Once the line holding "Keywords: leather pants" is found in the entries below, transcribe exactly every line up to and including the one holding "實(shí)際上,分離反射分", but leave out the pictures.
*** Opening of SOURCE MATERIAL ***
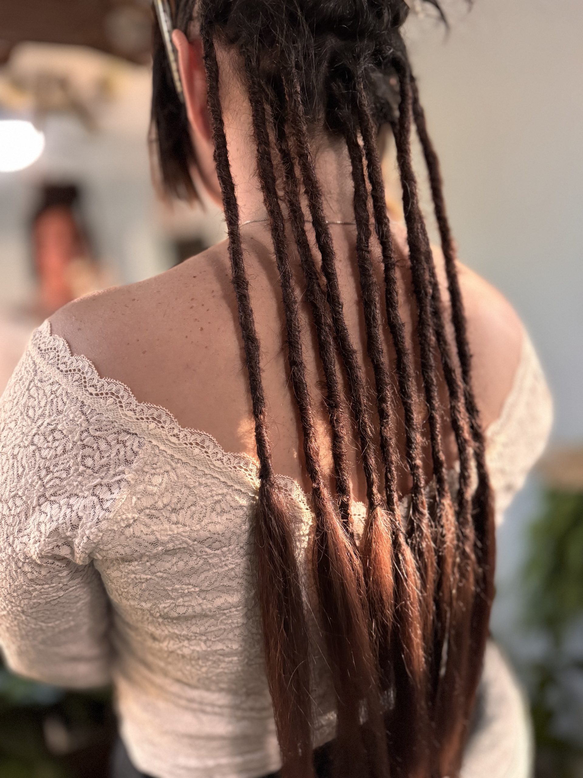 Dreadlock Extensions can be created to add length, volume, and even color to new or existing locs. Loc extensions are created by using 100% Human Hair, woven directly into the loc. This allows for a seamless and strong bond. We can custom create loc extensions of any length or color desired. Who doesn’t love long locs?
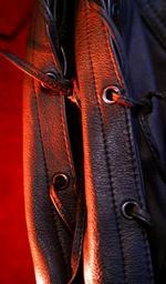 Keywords: leather pants red light lacing leather rivet
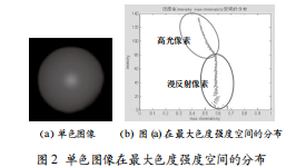 實(shí)際上,分離反射分量的方法可在一個(gè)最大色度強(qiáng)度空間中展開(kāi)。圖2所示是單色圖像在最大色度強(qiáng)度空間上的分布圖。
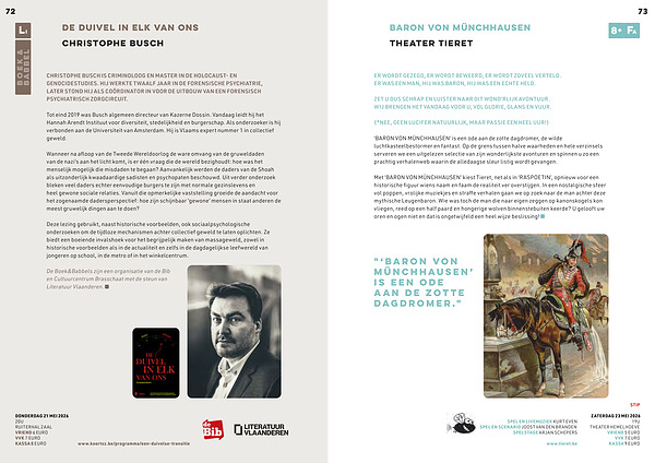 Met‘ BARON VON MÜNCHHAUSEN’ kiest Tieret, net als in‘ RASPOETIN’, opnieuw voor een historische figuur wiens naam en faam de realiteit ver overstijgen. In een nostalgische sfeer vol poppen, vrolijke muziekjes en straffe verhalen gaan we op zoek naar de man achter deze mythische Leugenbaron. Wie was toch de man die naar eigen zeggen op kanonskogels kon vliegen, reed op een half paard en hongerige wolven binnenstebuiten keerde? U gelooft uw oren en ogen niet en dat is ongetwijfeld een heel wijze beslissing!
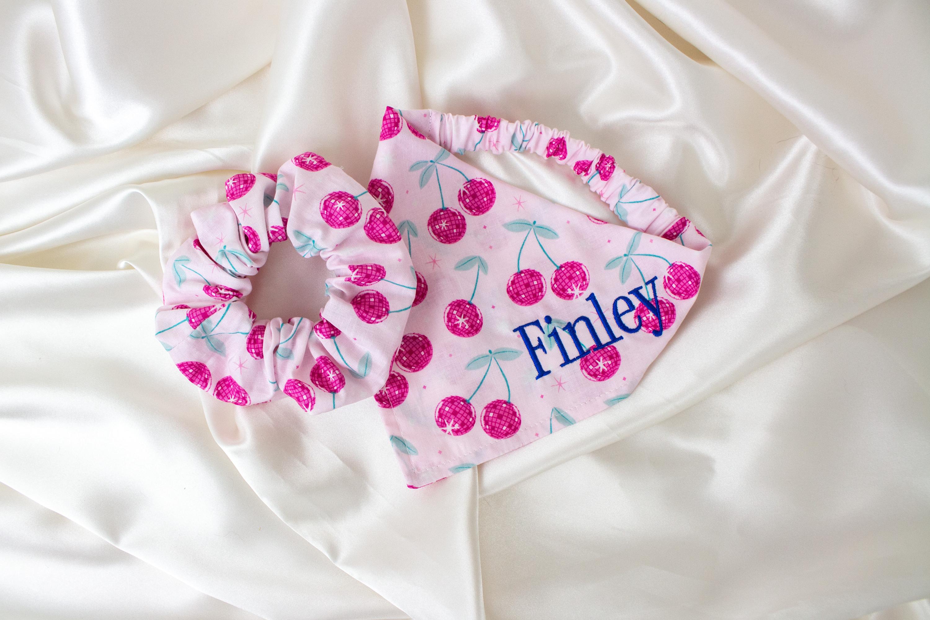 MATCHING Disco Cherries Dog Scarf and Hair Scrunchie Set, Embroidered Scrunchy Pet and Owner Set, Personalized Dog Bandana, Retro, Pink
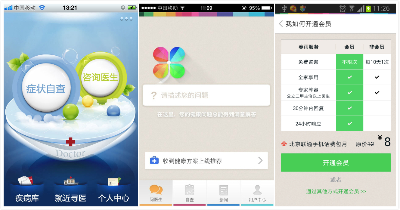 “春雨医生”2011年上线移动APP,当时还仅有“症状自查”与“咨询医生”两大主要功能。并且,当时的“咨询医生”还会限制用户的咨询次数,每天只能问一次。三年多的时间里,“病患自查”通过累积用户提出的上百万条咨询数据,推出了病患自查的智能搜索引擎。而“咨询医生”现在已经通过众包机制做到了24小时随时待命的医生咨询服务,还上线了会员制。除此之外,“春雨医生”还推出了自己的健康工具、上线了资讯模块。服务不仅变得多样,并且也具有了相当的深度。
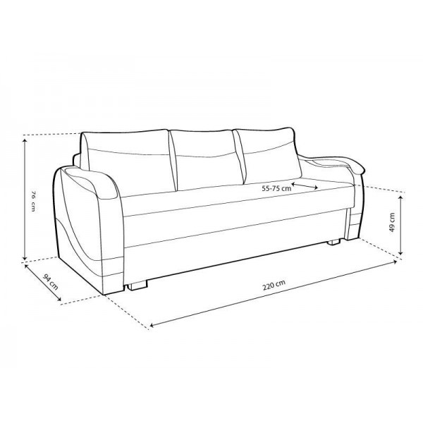 külső méret: 220 × 94 cm, fekvőfelület: 190 × 138 cm, ülőmagasság: 44 cm, beülőmélység (párnával): 55 cm, beülőmélység: 75 cm, háttámlamagasság: 74 cm - :
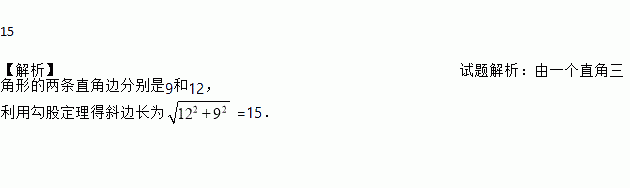 直角三角形的两条直角边分别是9和12,则斜边是___________
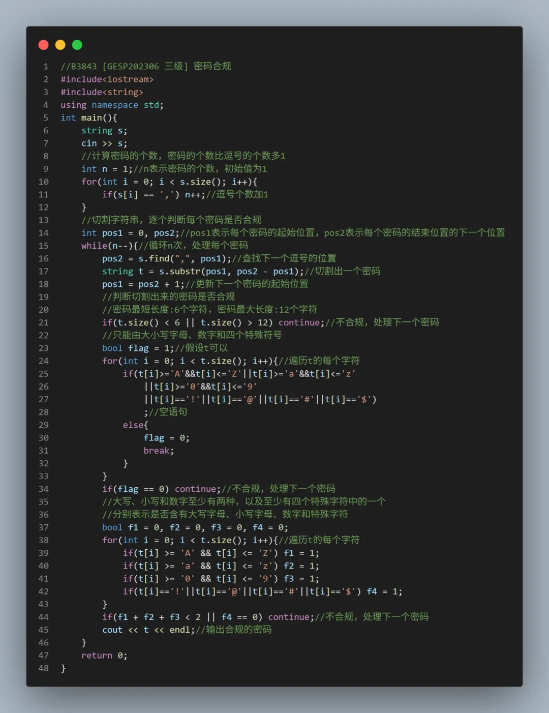 思路:用string字符串处理更方便,切割字符串,依次取出每个密码,判断取出的密码是否合规,对于合规的密码,进行输出并换行。
*** Close of SOURCE MATERIAL ***
# [RESULT OF THIS TASK]
 Keywords: leather pants red light lacing leather rivet
 實(shí)際上,分離反射分量的方法可在一個(gè)最大色度強(qiáng)度空間中展開(kāi)。圖2所示是單色圖像在最大色度強(qiáng)度空間上的分布圖。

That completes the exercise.